Is she exhausted by Twitter? The latter, they say, is good for quickly spreading news. Ok, what else? There is a simple thesis: it is easier for people to generate content in small formats. And even easier for people to work on complex things collectively. For example, the vast majority of modern scientific articles are co-authored. Moreover, a scientific article is a relatively large format that was once set by the existence of paper journals. There it would simply be impossible to publish short abstracts in one sentence. In fact, the ideas of articles can often be presented briefly “on the fingers”, almost in twitter-format. Scientific activity is not the only relevant example. Habr's experience is also interesting - the size of posts is influenced by positioning the resource as serious, where you cannot abuse the attention of a large audience by publishing short thoughts immediately after they appear in your head. By the way, as I understand it, you can not publish a post in Habré in collaboration, which raises the requirements for a single author.
However, people often have raw thoughts in which, nevertheless, “there is something”. The ability to publish them, at least in some special category of short posts, would probably significantly accelerate the interaction in a group of people with similar interests. And in some cases would have led to serious results and articles. I don’t have to do this on Habré - I’m talking about the need for new resources with small-formatted content, focused on serious applications. Type of crowdsourcing. Or, as I call crowdsolving, when there is no specific customer, but there is free collective creativity to solve interesting problems. The latter things even represent the trend.
It seems to me that it also interestingly lies in the concept of the “Internet of data”, in contrast to the Internet sites proposed by one of the founding fathers (I forgot the link). In the tradition of the semantic web, assign URIs to anything,
including even real-world objects . Short claims of significance could also have their own URI. Assigning a URI to a small content object with meta-data about the author would be somewhat similar to publishing an article in journals or resources like Habr.

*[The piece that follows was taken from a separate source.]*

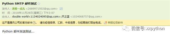 def send_email(receivers, title, text):    message = MIMEText(text, 'plain', 'utf-8')    message['From'] = formataddr(["就差一点儿", sender])      message['To'] = Header(','.join(receivers), 'utf-8')

In conclusion, I want to note the idea that has already been
expressed . For convenience of perception, people broke up large forms derived from the “paper heritage” into various categories - review, essay, review, interview, etc. The division of small format content into categories also exists - argument, thesis, consideration, opinion, comment, question etc. I think that in future resources this categorization will somehow be explicitly declared, because assigning status to the content helps to recognize it and makes it easier to work with it, and even in part can serve to rank the content (for example, in the perception of This argument has a higher status than opinion).
')
Update from 11/11/2012 Shkolnik received an investment in the development of a mobile application that automatically compresses news to 400 characters, keeping their meaning.